In [10]:
from IPython.display import Math

Testing the Recommender Systems on the MovieLens 100k Dataset

Due to the unsucesful results when testing the recommender systems on the FourCity TripAdvisor dataset, it was decided to test the recommender systems on a single-criterion dataset which was known in the literature so we could compare the results of our recommender against other proposals that use the same data.

Comparison with FourCity dataset

Before showing the results of the executions of the recommender systems, we are going a quick comparison of the two datasets

FourCity (TripAdvisor)

  • Number of reviews: 11327
  • Number of users: 888
  • Number of items: 1482
  • Sparsity: 0.9917166660587713 --> Take a look why this number is slightly different from 1 - (11327 / (888 * 1482))

MovieLens

  • Number of reviews: 100000
  • Number of users: 943
  • Number of items: 1682
  • Sparsity: 0.9369533063577546

Types of recommenders

DummyRecommender

This recommender just predicts the closest integer to the average of the ratings of all samples (that is, the union of the train and test data).

The performance of this recommender is

  • Mean absolute error: 0.89416
  • Root mean square error: 1.219839
  • Time: 0.14665103 seconds

AverageRecommender

This recommeder predicts the average of the ratings of the training data.

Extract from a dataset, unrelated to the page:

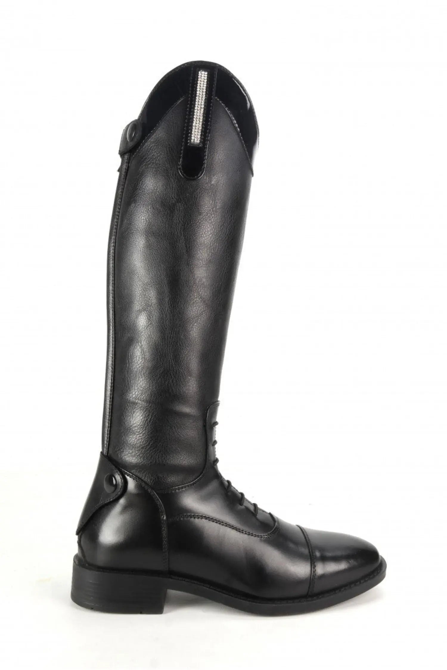 The Brogini Kids Como Piccino Patent Top Long Field Boots have been designed for a comfortable, close to leg fit. They feature a patent leather top with a delicate row of diamantes that give them an added bit of sparkle. The Brogini Kids Como Piccino Patent Top Long Field Boots are made with genuine soft leather for the foot and inside leg panel which helps improves grip whilst riding and a stretchy synthetic leather calf section that creates a snug well fitting boot. With a zip fastening to the rear and elasticated laces to the front.

The average performance of this recommender is

  • Mean absolute error: 0.944726
  • Root mean square error: 1.125578
  • Time: 18 seconds

WeigthedSumRecommender

This recommender uses the following formula to calculate the ratings:


In [11]:
Math(r'R(u,i) = z \sum_{u` \in N(u)} sim(u,u`) \cdot R(u` ,i)')


Out[11]:
$$R(u,i) = z \sum_{u` \in N(u)} sim(u,u`) \cdot R(u` ,i)$$

In [12]:
Math(r'z = \frac{1}{\sum_{u` \in N(u)} sim(u,u`)}')


Out[12]:
$$z = \frac{1}{\sum_{u` \in N(u)} sim(u,u`)}$$

The average performance of this recommender is

  • Mean absolute error: 0.854038778
  • Root mean square error: 1.088897314
  • Top N: 0.694614548
  • Best MAE value: 0.797591782 (SingleSimilarity, chebyshev, 40 neighbours)
  • Best RMSE value: 1.003798434 (SingleSimilarity, chebyshev, 40 neighbours)
  • Best Top N value: 0.728656574 (SingleSimilariy, pearson, all neighbours)

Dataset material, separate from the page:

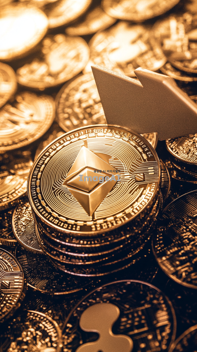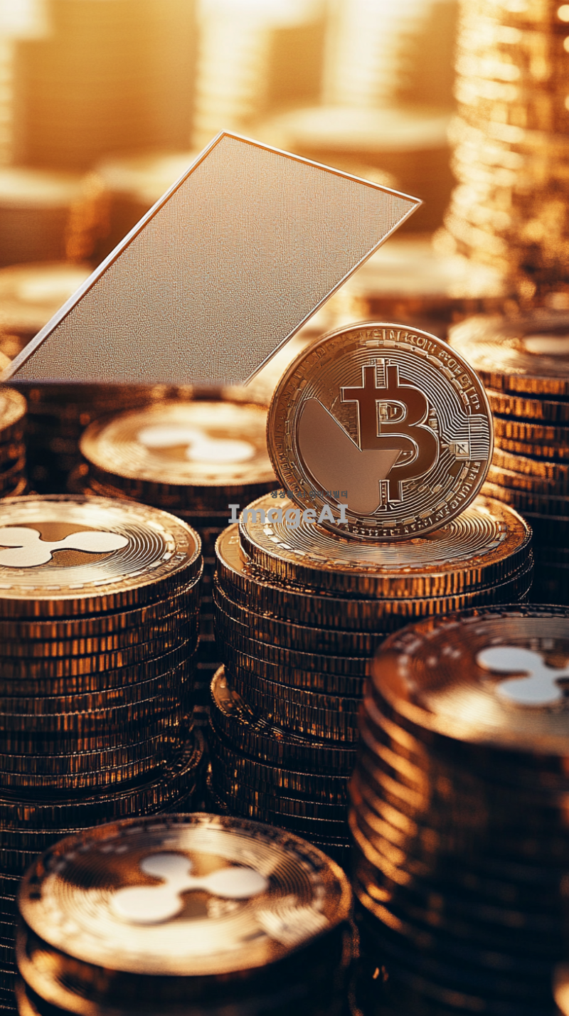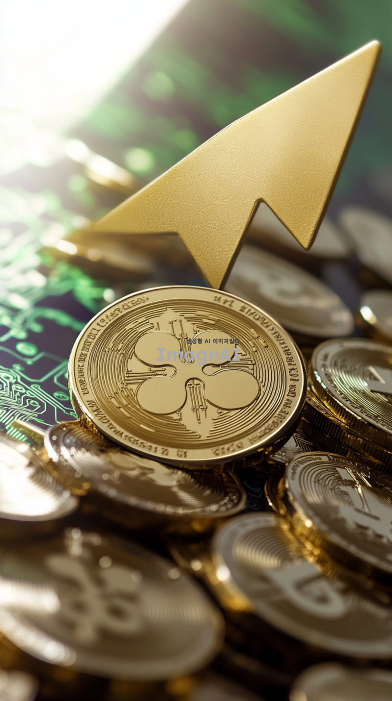 리플 코인이 화면을 가득 채우고 있으며, 상승을 나타내는 화살표가 함께 있는 이미지. 배경은 밝고 긍정적인 느낌을 주며, 리플 코인의 디테일이 잘 보이도록 강조. 화살표는 두껍고 선명하게 그려져 상승하는 방향으로 뻗어있음. 전체적으로 희망적이고 미래 지향적인 분위기를 전달하는 이미지.

AdjustedWeigthedSumRecommender

This recommender uses the following formula to calculate the ratings:


In [13]:
Math(r'R(u,i) = \overline{R(u)} +  z \sum_{u` \in N(u)} sim(u,u`) \cdot (R(u` ,i) - \overline{R(u`))}')


Out[13]:
$$R(u,i) = \overline{R(u)} + z \sum_{u` \in N(u)} sim(u,u`) \cdot (R(u` ,i) - \overline{R(u`))}$$

The average performance of this recommender is

  • Mean absolute error: 0.823195759
  • Root mean square error: 1.041963991
  • Top N: 0.686021491
  • Best MAE value: 0.746653177 (SingleSimilarity, pearson, all neighbours)
  • Best RMSE value: 0.951336098 (SingleSimilarity, pearson, all neighbours)
  • Best Top N value: 0.725733055 (SingleSimilarity, pearson, all neighbours)

Summary

  • The best MAE is 0.746653177 by the AdjustedWeigthedSumRecommender (SingleSimilarity, pearson, all neighbours).
  • The best RMSE is 0.951336098 by the AdjustedWeigthedSumRecommender (SingleSimilarity, pearson, all neighbours).
  • The best Top N is 0.728656574 by the WeigthedSumRecommender (SingleSimilariy, pearson, all neighbours).
  • The best MAE average is 0.823195759 by the AdjustedWeigthedSumRecommender.
  • The best RMSE average is 1.041963991 by the AdjustedWeigthedSumRecommender.
  • The best Top N average is 0.686021491 by the AdjustedWeigthedSumRecommender.
  • The higher the number of neighbours, the better the results for all evaluation metrics.
  • Both the AdjustedWeigthedSumRecommender and the WeigthedSumRecommender manage to beat the DummyRecommender and the AverageRecommender.